What did you learn that someone new to this part of the project will have to know?

Other tasks that are part of working a sub-task

  • add to the Google sheet
  • make notes about what was tricky, to share with folks who may have to work with it later
  • add and update tests: unit and System.

Uses xpath in Python on CCDA example files.

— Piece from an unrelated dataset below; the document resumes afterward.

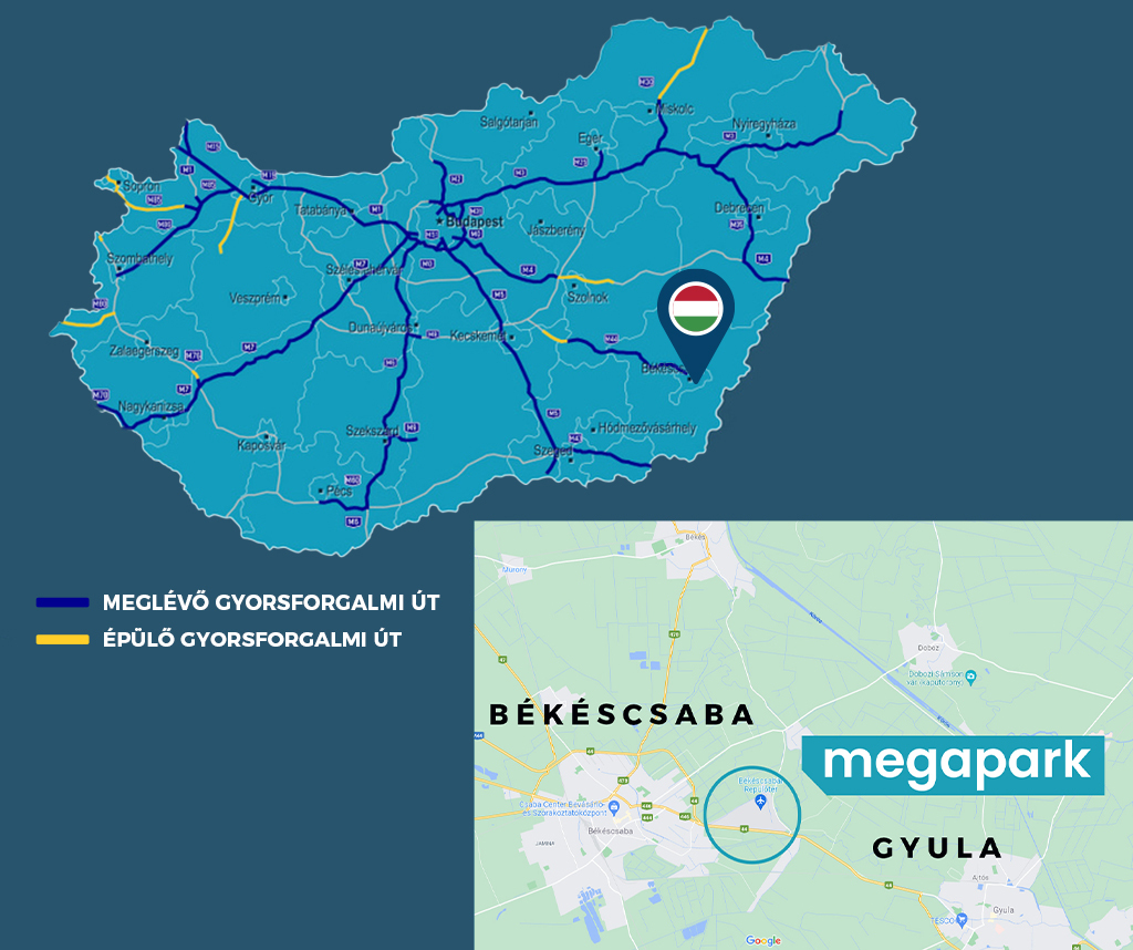Megapark kiépített infrastruktúrával rendelkezik. 3 város fókuszában Békéscsaba, Békés és Gyula között a nemzetközi kisrepülőket is fogadó békéscsabai reptér közvetlen szomszédságában helyezkedik el, amelynek nagyszabású fejlesztése jelenleg is folyik.

https://www.w3.org/TR/xpath-31/

  • Design Doc.s / Sheets
    • CCDA-to-OMOP Coarse. Maps out CCDA sectiont to OMOP domains
    • CCDA-to-OMOP Fine. One tab per section, mapping at the field or attribute level. Both have copius links into the HL7 documentation.

ToDo

  • High Level Mapping
    • Consider the templates and which are used in the different kinds of documents, re-used? don't want copy-pasta code
    • How will we know patients from different sources are the same one? maybe the IDs match, maybe it's a Databant-style linking thing
    • visits
    • show OMOP schema in more detail, esp nullable fields that we don't populate (see OMOP classes below)
    • similarly, show the remaining fields in CCDA that we don't mine
  • Code
    • OMOP classes
      • show the schema including NULLable, and type
      • check PK FK relationships
      • observation IDs are not unique to the individual concepts and values!
      • output a dictionary to a (OMOP) table
    • CCDA Document classes with section methods
      • a/o 2024-03-19 there is a test for CCD in main.py
    • Factory method for the document class based on document type
    • a driver for consuming volumes of documents so we can get an inkling of performance time and cost
    • manage template ids across parsing like sections of different documents
      • document templates are checked at top (main for now)
      • observation type template ids are searched for, and checked that way.
    • consider structure of classes in event of parsing the same OMOP entity out of multiple CCDA sections.
    • build a parsing report mechanism that describes outright exceptions, or unexpected deviations like different template IDs or multiple values for things? ...does it need it's own ontology?
      • also build a separate or integrated analsyis report with quantities described under Analysis below
  • Code Nits/Bugs
    • what do root and extension mean in HL7 CCDA?
    • exceptions for null concept lookups
    • check/throw cardinality of subsections like addresses and observations
    • namespaces in xpath
    • value types in observation for value_as_string etc., 'PQ' (physical quantity), 'ST' (character string), etc.
    • map from HL7 codeSystem OIDs to OMOP vocabulary_id
    • name HL7 codeSystems correctly, not vocabulary_id
    • use a real concept table, like in a database
    • ISSUE: observation IDs are not unique to the individual concepts and values!
  • Analysis
    • assess amount of (structured) vs (non structured) plain text content
    • codeSystem vocabularies and OMOP mappings
    • how the "root" tells what kind of an ID you have, ID mapping and linking
    • metrics per person, per person/day, per person/day/concept
  • Deployment
    • Run in Foundry, maintain ability to run locally
    • integrate with Founddry OMOP domain tables, maintain local
    • integrate with OMOP vocabulary instead of the small local hack here, maintain local postrgres OMOP concept table too
  • S/W Eng.
    • type annotations
    • test harness
    • we have, 2024-03-19, a very basic workflow that compares expected output to what the latest code outputs.
      • just_run.yml and tests/expeted_output
    • unit tests: date conversion, template Id snarfing, anyting in util.py
    • per doc. tests: keep expected output from specific documents handy and have a harness comopare a build's output to what we have, edit and justify deviation as development progresses.
  • Design
    • maintain focus on readability, not just for code maintainability, but to keep the mapping easy to see

Design

A major goal of this effort is to keep the structure mapping from CCDA structures to OMOP tables easily visible, while keeping the infrastructure simple.

Another goal should be to fail visibly while in a development phase, rather than making assumptions and masking over irregularities for the illusion of a clean run.